Model 2 included a 13-metabolite panel selected by LASSO regression at GW 16–19 (1,5-anhydroglucitol, 2,3-dihydroxybutanoic acid, 2-aminobutyric acid, α-aminoadipic acid, arachidic acid, aspartic acid, citric acid, hydrocinnamic acid, lauric acid, oleic acid, quinic acid, uracil, and uridine).
Discussion
In this well-characterized prospective test and validation study including women with diverse racial/ethnic backgrounds, comparing women with GDM diagnosed by objective glucose thresholds in late pregnancy with their counterparts with euglycemia, we observed distinct metabolic profiles as early as GW 10–13. We report novel findings on the prospective positive associations of fasting serum indoles, pyrimidines, and amino alcohols and inverse associations of allantoic acid in early and mid-pregnancy with risk of GDM, together with other known pathways, including amino acids, purinones, and hexoses. By using machine-learning algorithms, we developed and validated predictive multimetabolite panels at GW 10–13 and 16–19 for GDM risk, with incremental predictability beyond conventional risk factors, including fasting serum glucose levels. Our findings suggest the potential value of metabolomic profiling for early prediction of GDM risk.

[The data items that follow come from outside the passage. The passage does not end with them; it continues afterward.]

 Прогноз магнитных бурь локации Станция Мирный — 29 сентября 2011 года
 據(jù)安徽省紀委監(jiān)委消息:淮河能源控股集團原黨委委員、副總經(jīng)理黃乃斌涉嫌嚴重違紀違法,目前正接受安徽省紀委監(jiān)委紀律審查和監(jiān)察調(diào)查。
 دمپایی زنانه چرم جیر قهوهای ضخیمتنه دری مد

Our findings illustrate that previously unreported metabolic pathways may be implicated in the development of GDM. Our novel finding of a positive association of indole (the main metabolite produced from dietary tryptophan by gut microbiota) metabolism with risk of GDM was consistent with a previous cross-sectional study that reported higher fecal indole concentrations among women with GDM versus non-GDM women in late pregnancy (34). Data in animal models also suggest that prolonged exposure to indoles inhibits glucagon-like peptide-1 secretion, which further impairs insulin secretion (35). Interestingly, we also observed for the first time a suggestive trend of elevated levels of the polyamine cluster, especially the microbiota-derived N-acetylputrescine, at GW 10–13 among women with GDM (P = 0.04; FDR 0.14), which is consistent with previous observations of its positive associations with obesity and diabetes among nonpregnant individuals (36). Collectively, our data suggest that microbiota-derived indole and polyamine metabolites could affect host glucose homeostasis, and the role of interactions among the microbiome, metabolome, and host in the development of GDM warrants further investigation.

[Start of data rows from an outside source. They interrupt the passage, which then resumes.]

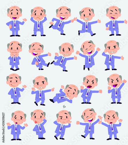 Cartoon character old businessman. Set with different postures, attitudes and poses, doing different activities in isolated vector illustrations.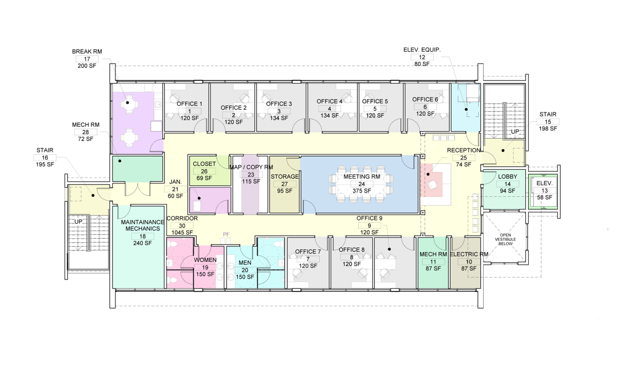 The conceptual design for the Marathon Key Service Building resulted in a two-story, 5,500-square-foot structure that was thoughtfully crafted to serve both operational needs and community context. The facility was designed to accommodate nine office spaces, daily-use amenities, equipment areas, and storage, all arranged to maximize efficiency while maintaining an approachable atmosphere for staff and visitors.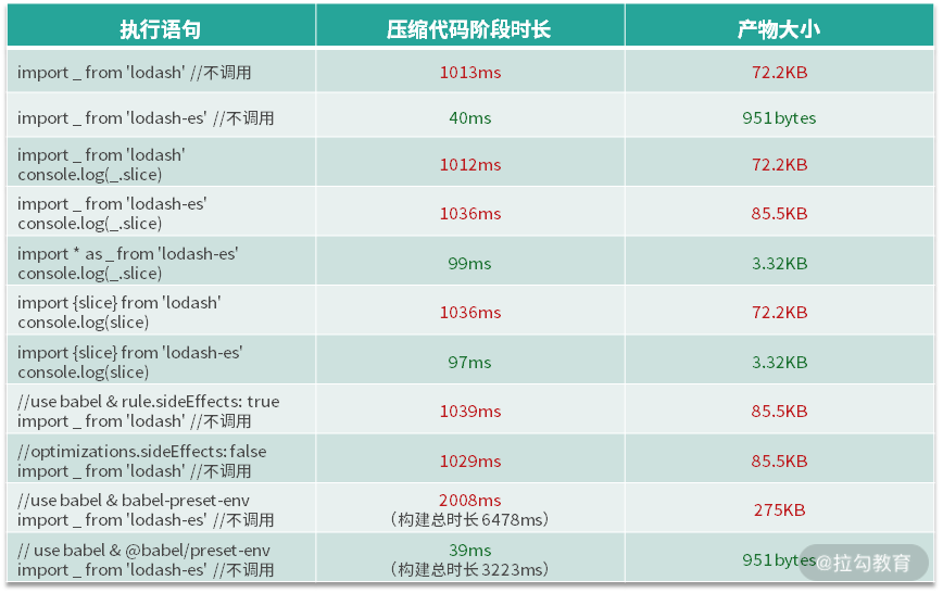 可以看到,引入不同的依赖包(lodash vs lodash-es)、不同的引入方式,以及是否使用 babel 等,都会对 Tree Shaking 的效果产生影响。下面我们就来分析具体原因。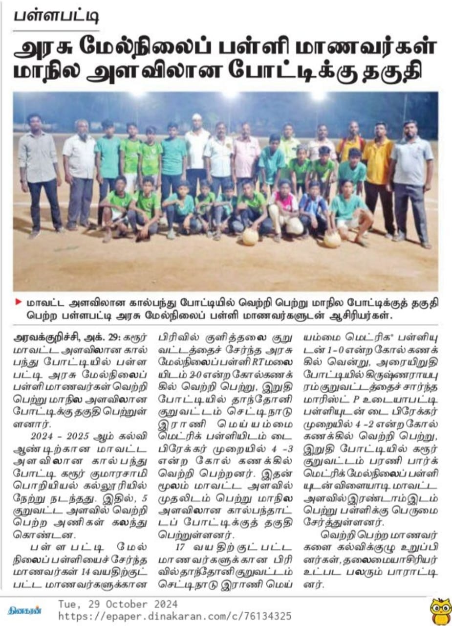 Pallapatti Higher Secondary School students delivered an exceptional performance in both the under 14 and under 17 categories.

Pyrimidines, as building blocks of DNA and RNA, are vital elements involved in a wide range of biologic functions, including carbohydrate metabolism, and have been linked to risk of diabetes and diabetic complications among nonpregnant individuals (37). We detected elevated levels of the pyrimidine nucleotide pathway (5,6-dihydrouracil, thymine, uracil, and uridine) with uracil as the key metabolite at both GW 10–13 and 16–19, although the significant chemical enrichment persisted only at GW 16–19 after FDR adjustment. Uracil is phosphorylated from uridine, with thymidine and thymine as downstream products, the dysregulation of which has been implicated in hyperglycemia and diabetic endothelial dysfunction (38).
Levels of D-erythro-sphingosine, a derivative of ceramides, in the amino alcohol pathway were also higher at GW 16–19 among women who later developed GDM. Despite the lack of previous data among pregnant women, animal data have demonstrated that high-fat diet–induced ceramides and sphingosine are implicated in insulin resistance via stimulation of plasminogen activator inhibitor-1 (39), providing insights into the biologic plausibility of D-erythro-sphingosine upregulation in GDM development.

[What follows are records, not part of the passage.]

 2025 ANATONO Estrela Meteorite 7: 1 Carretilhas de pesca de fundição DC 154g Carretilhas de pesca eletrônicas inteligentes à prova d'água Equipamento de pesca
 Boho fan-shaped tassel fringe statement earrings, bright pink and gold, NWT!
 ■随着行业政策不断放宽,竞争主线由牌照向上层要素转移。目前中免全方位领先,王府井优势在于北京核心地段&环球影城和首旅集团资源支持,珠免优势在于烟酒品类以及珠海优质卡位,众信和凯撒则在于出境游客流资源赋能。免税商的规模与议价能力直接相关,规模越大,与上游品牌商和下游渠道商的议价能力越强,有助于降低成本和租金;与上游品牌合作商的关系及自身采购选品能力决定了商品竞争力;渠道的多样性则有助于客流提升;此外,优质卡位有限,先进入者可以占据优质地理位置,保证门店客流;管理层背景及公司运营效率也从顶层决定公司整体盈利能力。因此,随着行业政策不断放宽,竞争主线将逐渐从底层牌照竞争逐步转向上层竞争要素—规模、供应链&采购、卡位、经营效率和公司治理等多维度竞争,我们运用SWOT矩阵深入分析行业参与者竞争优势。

We also observed inverse associations of the amide pathway with allantoic acid as the key metabolite at GW 10–16 with GDM. Allantoic acid is hydrolyzed from allantoin, which is the more soluble final product of purine catabolism in nonprimates (vs. uric acid in humans). Notably, allantoic acid has been suggested as a potential biomarker for dietary intake of soybean plants, which in turn has been linked to a lower risk of GDM among Japanese women (40). Further investigation of metabolomic markers of dietary intake and their roles in the pathophysiology of GDM is warranted.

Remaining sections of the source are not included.